Surgery is the main treatment for bowel endometriosis. Removing the endometrial tissue can relieve pain and improve your quality of life.

A few types of surgery remove bowel endometriosis. Surgeons can perform these procedures through one large incision (laparotomy) or many small incisions (laparoscopy). Which type of surgery you have depends on how large the areas of endometriosis are, and where they’re located.

  • Segmental bowel resection. This is done for larger areas of endometriosis. Your surgeon will remove the affected part of the intestine. The two pieces that remain are then reconnected with a procedure called reanastomosis. More than half of women who have this procedure are able to get pregnant afterward. Endometriosis is less likely to come back after resection than with other procedures.
  • Rectal shaving. Your surgeon will use a sharp instrument to remove the endometriosis on top of the bowel, without taking out any of the intestines. This procedure can be done for smaller areas of endometriosis. Endometriosis is more likely to come back after this surgery than after segmental resection.
  • Disc resection. For smaller areas of endometriosis, your surgeon will cut out the disc of affected tissue in the intestine and then close the hole. Your surgeon can also remove endometriosis from other parts of your pelvis during the operation.
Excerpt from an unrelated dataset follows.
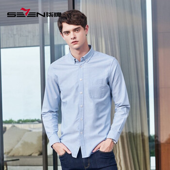 柒牌 SEVEN 衬衫男 2019春季长袖衬衫男士长袖修身纯色休闲长袖衬衣寸商务 116A38100 天蓝 165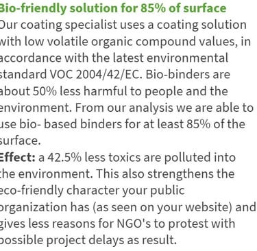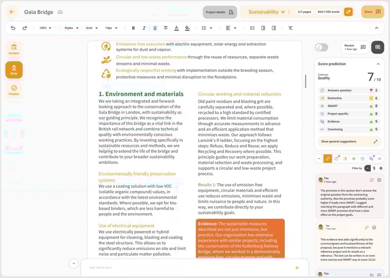 With TenderTools you have a senior tenderexpert available to predict the score of your proposal text. It shows you what is good and what to improve in order to get that 100% score.

Hormone therapy won’t stop endometriosis from progressing. However, it can relieve pain and other symptoms.

Hormonal treatments for bowel endometriosis include:

  • birth control, including pills, patch, or ring
  • progestin injections (Depo-Provera)
  • gonadotropin-releasing hormone (GnRH) agonists, such as triptorelin (Trelstar)

Your doctor may recommend over-the-counter or prescription nonsteroidal anti-inflammatory drugs (NSAIDs), such as ibuprofen (Advil) or naproxen (Aleve), to help relieve pain.
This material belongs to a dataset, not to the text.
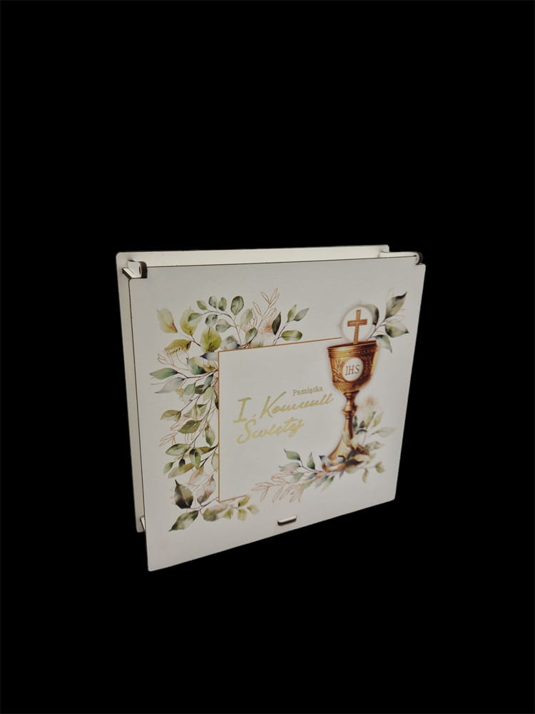 Pamiątka I Komunii Świętej - pudełko drewniane zdobione

Endometriosis in the bowel can affect your fertility — especially if you also have it in your ovaries and other pelvic organs. Up to half of women with this condition are unable to conceive.

Surgery to remove the endometriosis lesions can improve your odds of getting pregnant. Even if fertility isn’t an issue, some women have chronic pelvic pain associated with this condition, which has an impact on their quality of living.

Endometriosis is a chronic condition. You’ll likely have to manage its symptoms throughout your life.

Your outlook will depend on how severe your endometriosis is and how it’s treated. Hormonal treatments and surgery can help manage your pain. Symptoms should improve once you go through menopause.

Endometriosis can have a big impact on your quality of life. To find support in your area, visit the Endometriosis Foundation of America or the Endometriosis Association.